# Robust prediction under missingness shifts

## Paper

If you use this code in your research, please cite the following publication:

```

```

This paper can be found on arxiv: **TBD**

## Acknowledgements

This implementation builds on top of the excellent work by Le Morvan et al. (2021). [What's a good imputation to predict with missing values?](https://papers.nips.cc/paper/2021/file/5fe8fdc79ce292c39c5f209d734b7206-Paper.pdf). The original code can be found in the paper's [GitHub repo](https://github.com/marineLM/Impute_then_Regress) (from commit [37e70a3](https://github.com/marineLM/Impute_then_Regress/commit/37e70a33fb60330b6d4f95173d202a58135d0dae)). 


## Repo structure

The repo has been extensively refactored from its original structure to bring it into a more modular form and turn it into a valid python package. The main parts are:

1. `src/`: source code containing all major functionality including both the data generation/amputation as well as all the oracles and estimators.
2. `experiments/`: experiment configurations as `.yaml` files that specify the experiment name, the data generation mechanism, the missing data scenarios, and the estimators including their hyperparameter ranges. 
3. `scripts/`: helper scripts that launch experiments and plot the results

## Setup

Run the following commands in a terminal to create the Conda environment:

```bash
cd miss_shift/

conda env create -f environment.yml
conda activate miss_shift
pip install -e .
```

All experiments were run using Python 3.9.12 on an Apple M1 Max with Ventura 13.2.1 and on a Linux HPC cluster. 


## Running experiments

Running the experiments is just as easy. Again in a terminal, run the following command to replicate the results for conditional oracles on MAR data reported in the paper:  

```bash
python scripts/launch_experiment.py more_miss mcar bayes --data simulated --link stairs
python scripts/launch_experiment.py less_miss mcar bayes --data simulated --link stairs
```

This runs two experiments: one where missingness is 25% in the source environment and 50% in the target environment (`more_miss`) and one where missingness is 50% in the source environment and 25% in the target environment (`less_miss`). Together, these two experiments allow to create the result displayed in Figure 2, with the no shift performance taken from `more_miss` and the shift performance taken from `less_miss`.

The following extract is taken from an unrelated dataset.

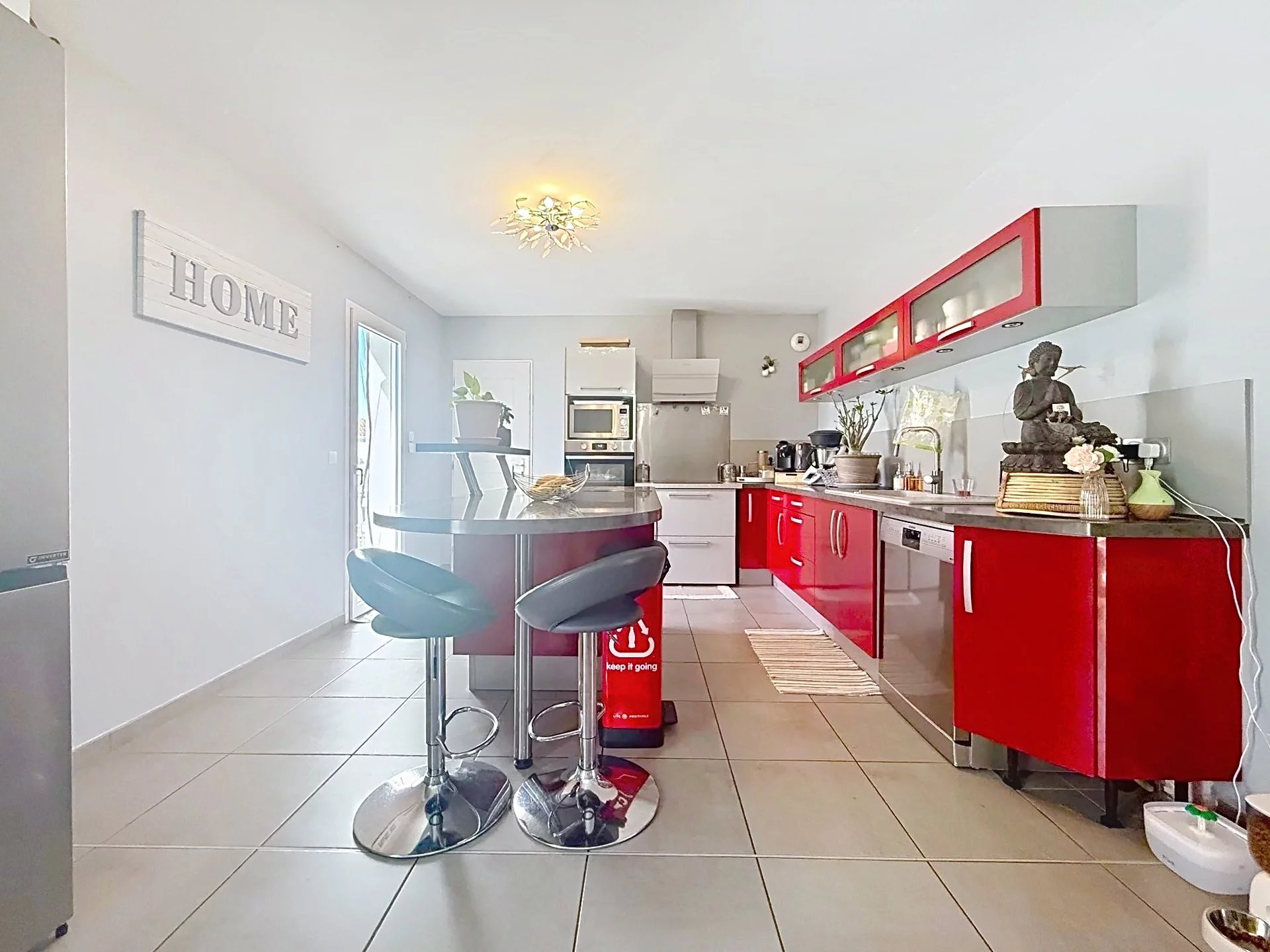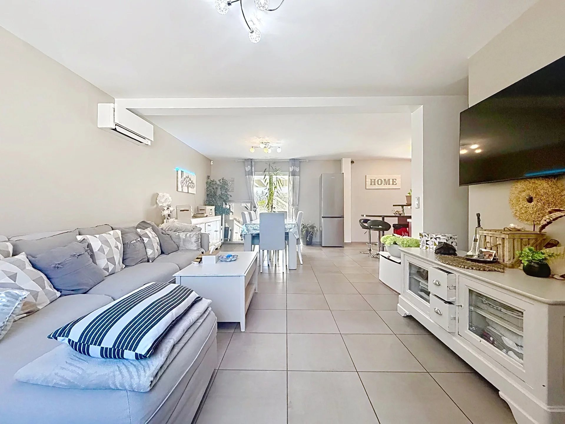 L’Espace de vie : Un grand salon-séjour chaleureux qui communique avec une cuisine équipée et une buanderie attenante.

To run all estimators reported in the paper, just use `all`:

```bash
python scripts/launch_experiment.py more_miss mcar all --data simulated --link stairs
python scripts/launch_experiment.py less_miss mcar all --data simulated --link stairs
```

All experiment results will be saved in `results/[EXPERIMENT_NAME]/[DATA]/[LINK]`.


## License

This source code is released under a BSD 3-Clause license, included [here](LICENSE.txt).